That is glorious. I want the next misbegotten Nic Cage vehicle to be a 100,000,000 dollar remake of The Giant Spider Invasion. Directed by Peter Jackson.
I kinda liked Knowing...
But that also means you kinda didn't like it... right?
Well, yes. The space angels were a bit much, as were the implications that incest would help save humanity. But I mostly did like it. I thought it was pretty engaging as a thriller, I liked Cage and Rose Byrne and whoever played Cage's skeptical pal, and I liked that it took the concept of the end of the world seriously, and not just as an excuse for special effects. AND I liked the implication that the Apocalypse was inevitable.
I'd love to see the original draft by Ryne Douglas Pearson because I suspect it was not the action picture that is Knowing. I think this thing was at its worst as a Nic Cage vehicle, with him constantly running, running, running to no purpose and that ridiculous scene where he sees the "grays" outside his home and runs out with the baseball bat (who would leave their only child unguarded in a sprawling, unprotected home to go out and get all alpha dog like that?). The movie stunk too obviously to me of a think piece tarted up as a popcorn muncher. And poor Rose Byrne... does she ever live?

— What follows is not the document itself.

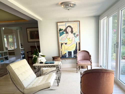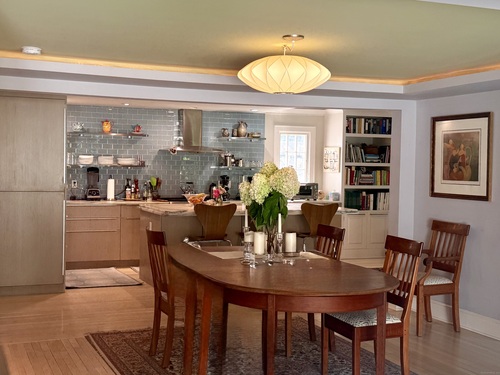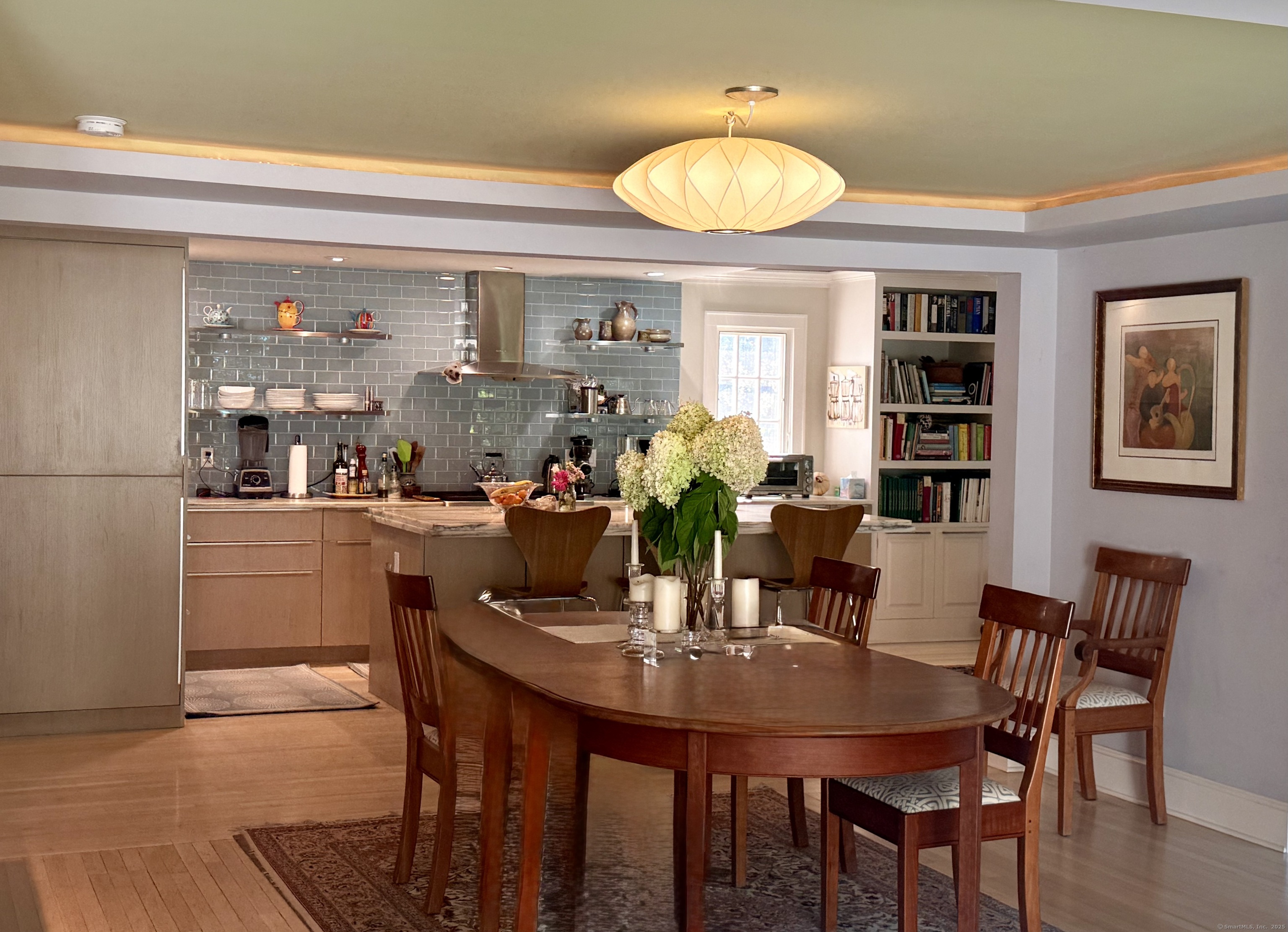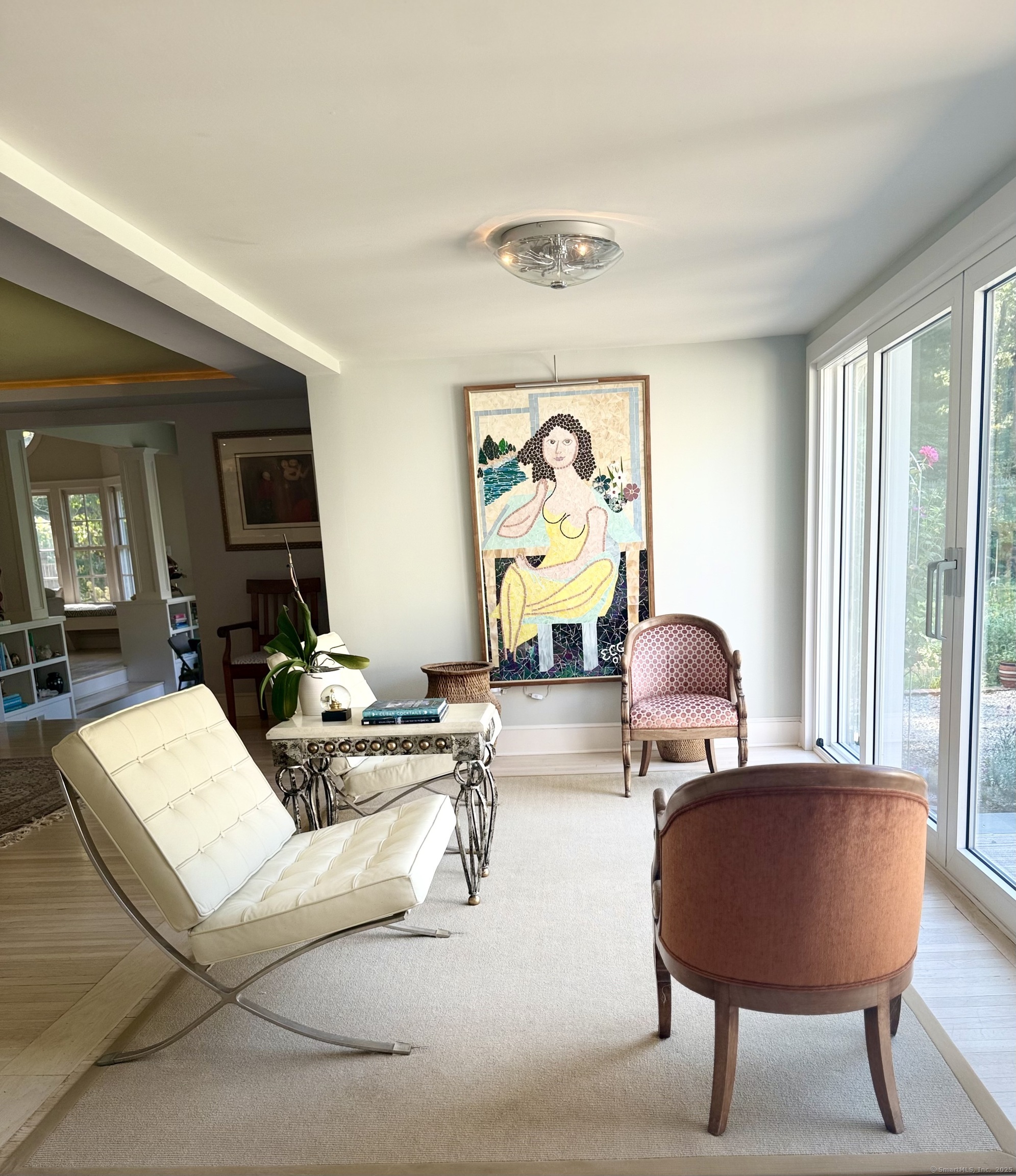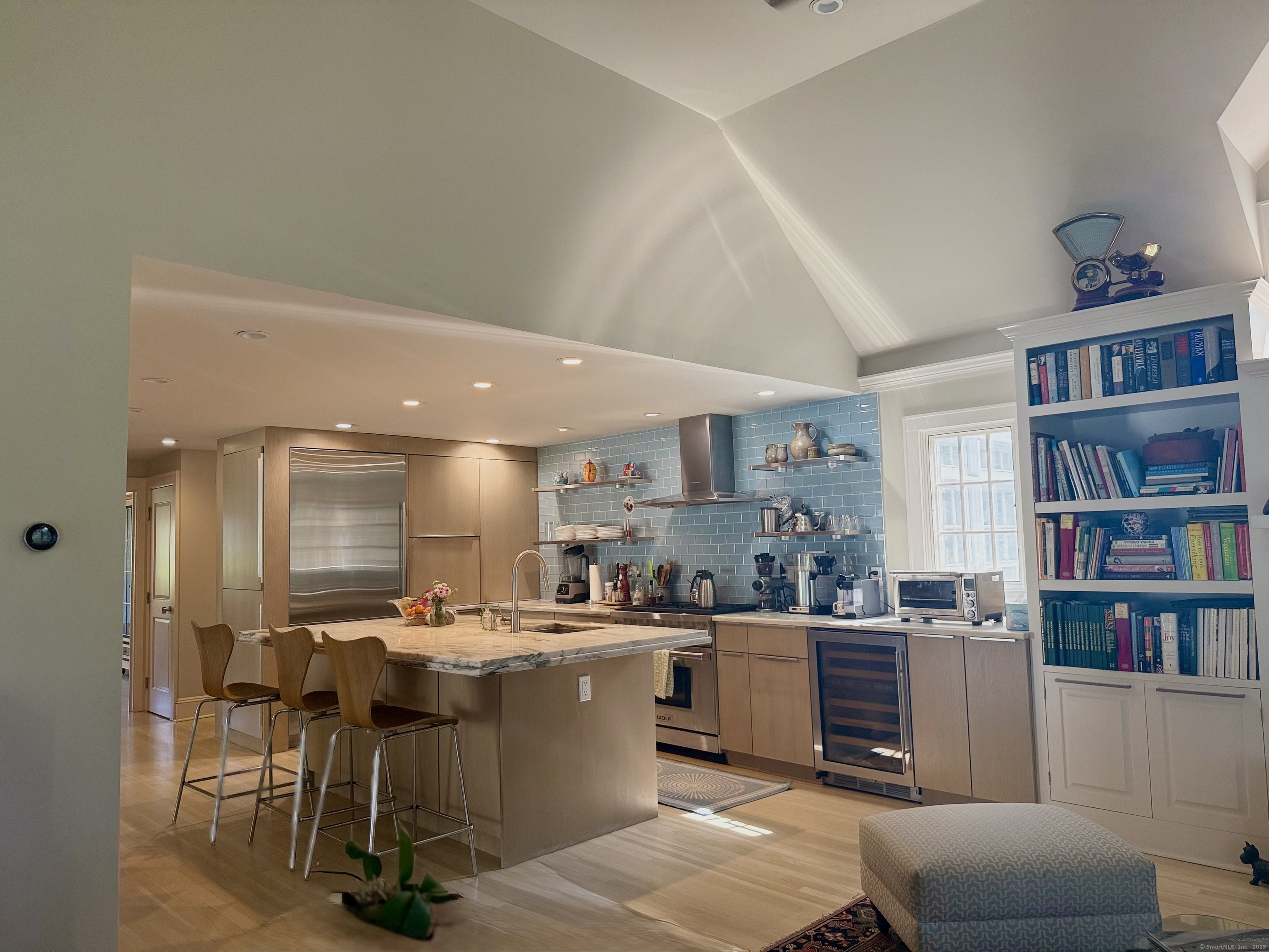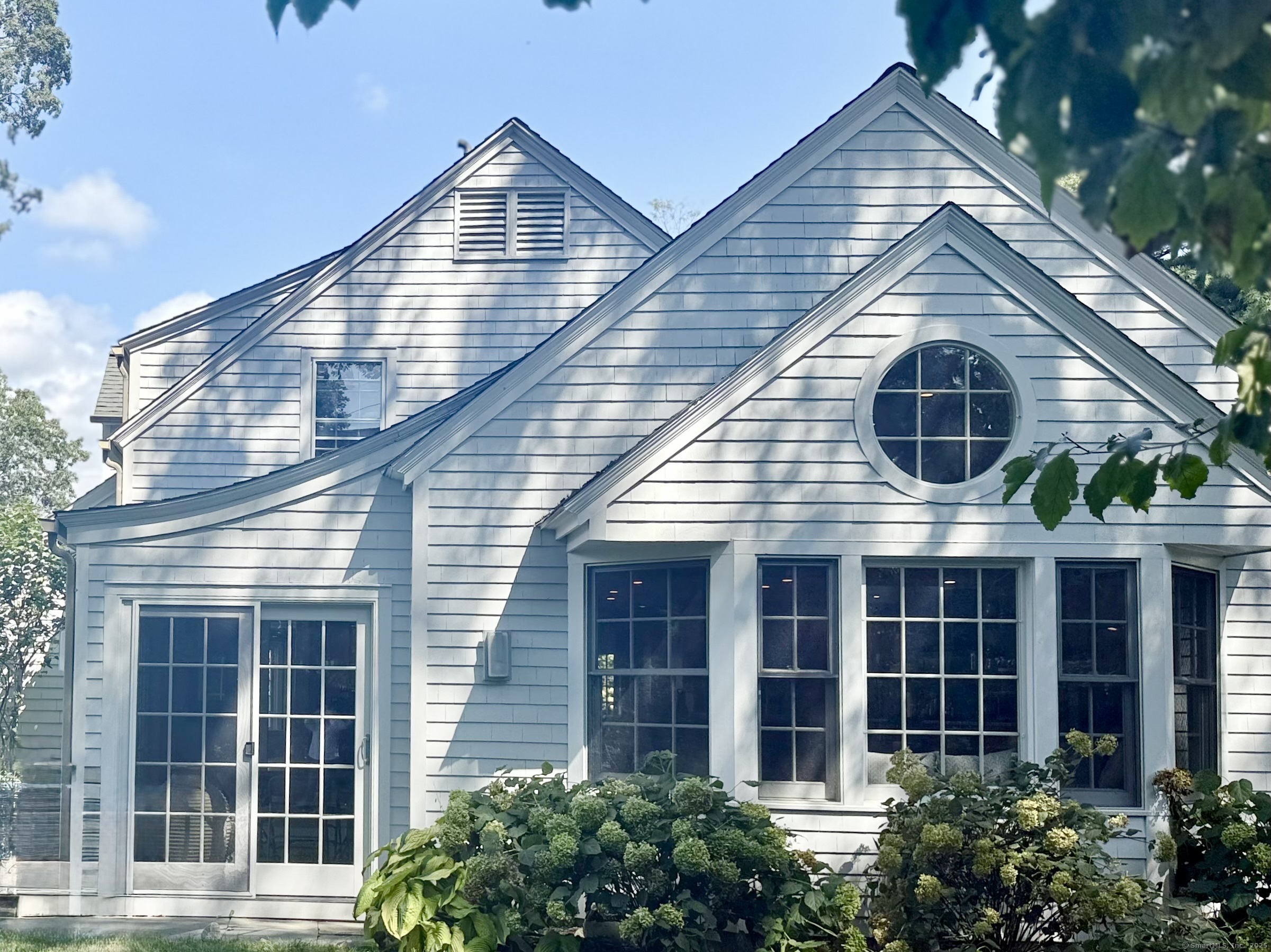 Beautifully remodeled cape with great curb appeal located on desirable cul-de- sac, walking distance to train, farmer's market , library, town & minutes to beach. Front door opens to spacious entry, that greets one with an amazing open- plan main floor, flooded with light with views of the stunning back yard.The Chef's kitchen has custom cabinetry, floating shelves & professional grade appliances.. Striking marble counter & center island top are complemented by glass tile backsplash.Large island has sink and cabinetry on both sides with seating for 4.The kitchen opens to a spacious dining room with trey ceiling rimmed by lighting. The dining room in turn opens to a seating area with sliding doors to a stone patio & garden as well as a beautiful family room with gas fireplace , built-ins & a vaulted ceiling. One step down is a separate area with heated floor tiles, surrounded by glass sliders & doors. The formal living room boasts an original oversized bay window & dramatic wall with FP & built in dry bar. A sun room on the other side of entry hall, has vaulted ceiling, ceiling fan and glass sliding doors. This room leads to the heated 2 car garage. The upper level boasts a primary suite and 3 more bedrooms and full bath. There are hardwood floors through out the house. Lower level has finished rec room, cedar closet and utility room. Charm galore, sun drenched main floor and a beautiful professionally landscaped half acre make this a house you won't want to leave!

He's running to no purpose, but HE doesn't know that. I mean, he's trying to thwart disaster and massive loss of human life. AND HE FAILS! Like, three different times, and that last failure is a real humdinger. That's not fodder for your typical popcorn movie, and I honestly found that admirable. Plus, I found the moment when he's begging the aliens to be allowed to come along, and being turned away, to be pretty close to gut-wrenching.
I'm normally very easily moved by the involvement of children in a movie - particularly the separation of parent and child (e.g., the end of the miniseries Storm of the Century) but this thing just left me cold. I will give it props for doing what Greg has complained most end-of-the-world movies don't do... but look at the price! Eternity in beige!
Nah. If you're gonna remake a Bill Rebane flick, make it the one about the sentient monster truck, Twister's Revenge.
Wow... I didn't catch the "fast forward to 7m..."
So I sat through seven minutes of two people just wandering around in the snow.
Literally (well, aside for a minute of a DJ). But otherwise... clomp clomp clomp.
How does anyone edit six minutes of people walking and still think it'll be compelling?
You really can't break Rebane's movies up into their component parts and get anything out of them. You may not ever be able to get anything out of them but I will cop to falling under their intoxicating, ass-numbing influence... particularly The Alpha Incident, although this one kept me glued to the screen for its duration back when I was a tender young thing with a lot of time on my hands.
Give me what I want, and I'll go away.
I think the DJ scene would have been better if he was playing Papa-Oom-Mau-Mau (but then I realized Rebane already used it for Monster-a-go-go). How much do you think Coke and Marlboro paid Rebane for the product placements?